# [Task description]
Dropping every picture, set down exactly the lines in the entries below, starting with the line with "Langer rot karierter" and going on through the line with "ISO9001質(zhì)量管理體系證書英文版".

# [Records shown]
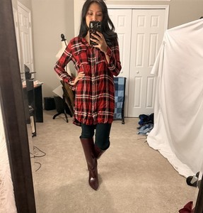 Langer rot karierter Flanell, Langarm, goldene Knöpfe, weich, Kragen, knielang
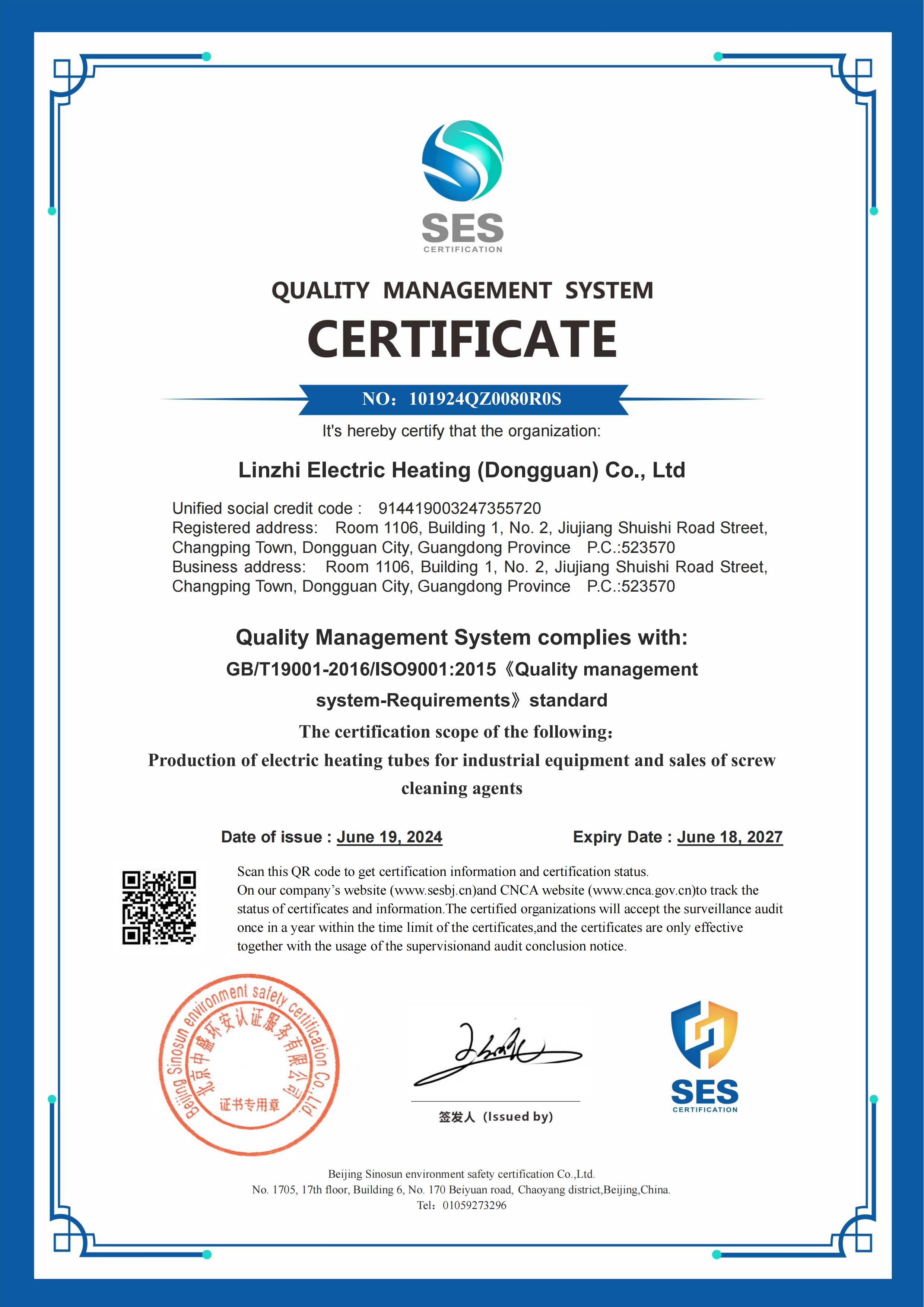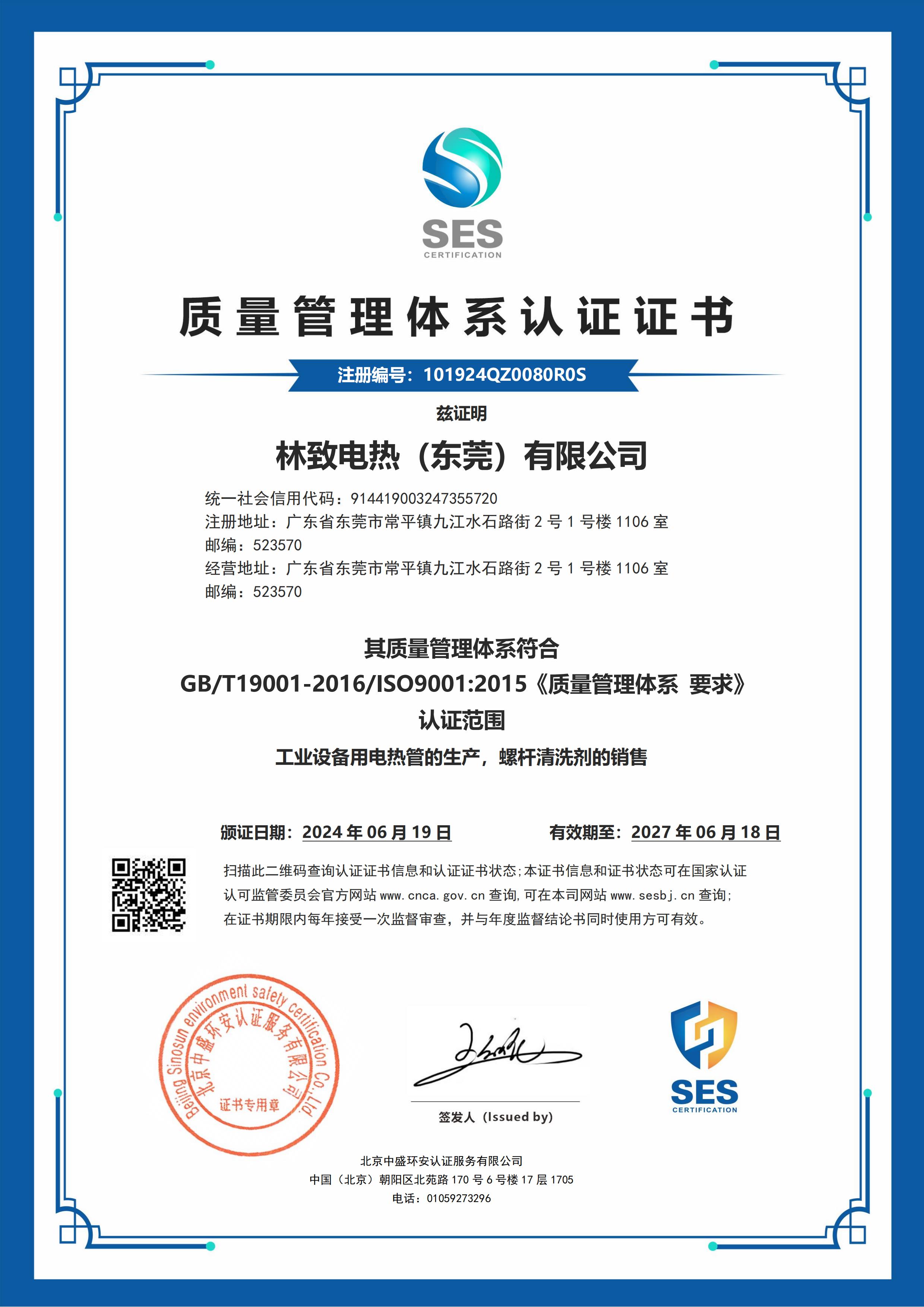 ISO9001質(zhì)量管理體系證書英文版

--

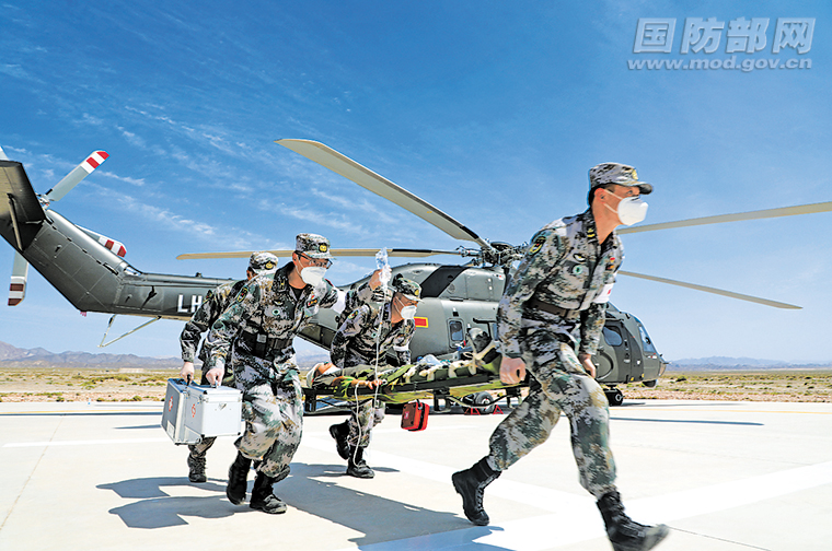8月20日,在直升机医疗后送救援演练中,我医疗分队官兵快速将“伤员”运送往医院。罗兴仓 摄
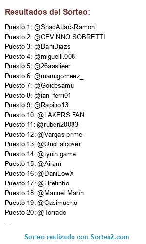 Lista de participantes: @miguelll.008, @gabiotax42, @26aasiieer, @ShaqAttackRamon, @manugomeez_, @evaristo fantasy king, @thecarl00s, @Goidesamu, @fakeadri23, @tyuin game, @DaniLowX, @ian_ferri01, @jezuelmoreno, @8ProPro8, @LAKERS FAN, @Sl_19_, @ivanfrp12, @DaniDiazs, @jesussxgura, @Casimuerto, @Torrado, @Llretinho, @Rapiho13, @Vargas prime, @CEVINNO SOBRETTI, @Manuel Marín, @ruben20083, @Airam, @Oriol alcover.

# [Expected answer]
 Langer rot karierter Flanell, Langarm, goldene Knöpfe, weich, Kragen, knielang
 ISO9001質(zhì)量管理體系證書英文版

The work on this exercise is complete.